## Make a list of all of the filenames you want to open

You _could_ do this manually, but I suggest using my favorite-named tool: **glob**! It works like this:

```python
# Get a list of all CSV files in the current directory 
# that start with "sales," e.g. sales-2020.csv, sales-2015.csv, etc
import glob
filenames = glob.glob("sales-*.csv")
```

* _**Tip:** `*` means "match anything." _It's different than the `.*` we used in class, but it's the same idea._
* _**Tip:** Make sure your list includes both 2015 *and* 2019. Remember, some are `xls` and some are `xlsx`!

## Open one of them with pandas just to test it out. Any of them!

You'll need to use `skiprows=` to skip the first few rows, as they're informational and not actual data.

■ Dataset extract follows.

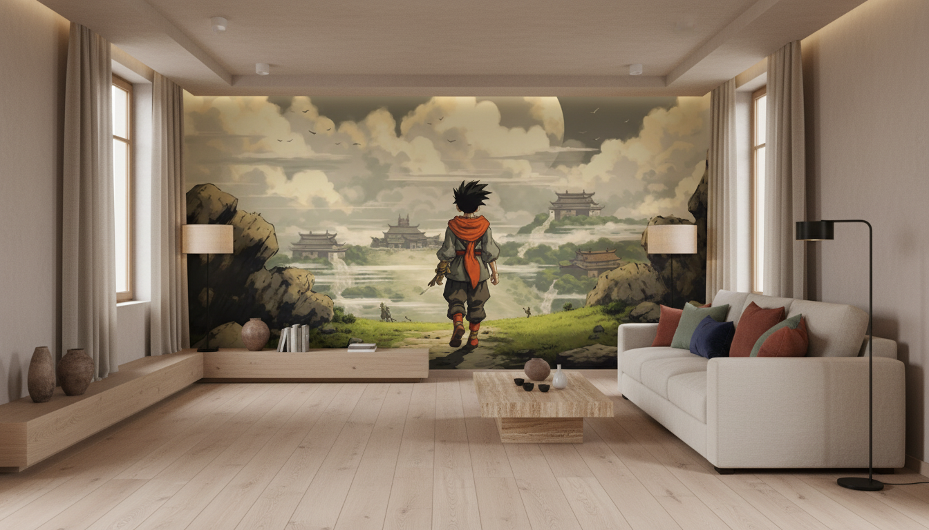 Harmonisez cette décoration murale asiatique avec des meubles en bois naturel, des textiles en lin écru ou en coton bio. Les accessoires en bambou, les luminaires japonais et les coussins aux tons terreux viendront parfaitement compléter cette ambiance feng shui. Osez les touches de rouge vermillon dans vos accessoires pour faire écho à la cape du personnage et créer une continuité visuelle saisissante.

* _**Tip:** Yes, the column names are awful right now, but you'll fix them later_

## Now open another one.

Keep opening them with the same `.read_excel` options until you find one with bad headers. **UGH!!!** They all have different `skiprows=` values!

## Ignoring headers

We're going to fix this by getting rid of `skiprows=` and using `header=None`. That way NONE of them will have ANY headers.

Try `header=None` on one of them.

(After we combine them all we'll update them with the right header rows.)

## Open them all at the same time!

Starting from your list of filenames, use a list comprehension (similar to how we did with the Excel sheets) to create a list of dataframes.

You'll probably want to cut and paste your `.read_excel` from above so that none of them come in with headers. We'll add them in later!

* _**Tip:** Make sure you have 15 years of data (aka fifteen years of dataframes)_

## Combine them with `pd.concat`

Confirm that you should have 35,8054 rows and 21 columns. If your numbers are a *little* off you probably didn't ignore headers! (In which case, go back and do that.)

Your headers should just be numbers - 0, 1, 2, 3, 4.... etc.

* _**Tip:** Be sure to `ignore_index=True`_

## Add in the headers

The fourth row seems to be the headers. You can update the headers to be the info from the 4rd row.

```python
df.columns = df.loc[3].tolist()
```

## Remove the notation rows from the top of the Excel sheets

We used `dropna` in class on Monday to remove rows that were missing a `Treatment Date`. Let's do the same thing here to help remove some of the garbage - it seems like we can probably rely on `NEIGHBORHOOD` or `BLOCK` missing to mean that it's a garbage row.

Confirm that you have **357992** rows remaining.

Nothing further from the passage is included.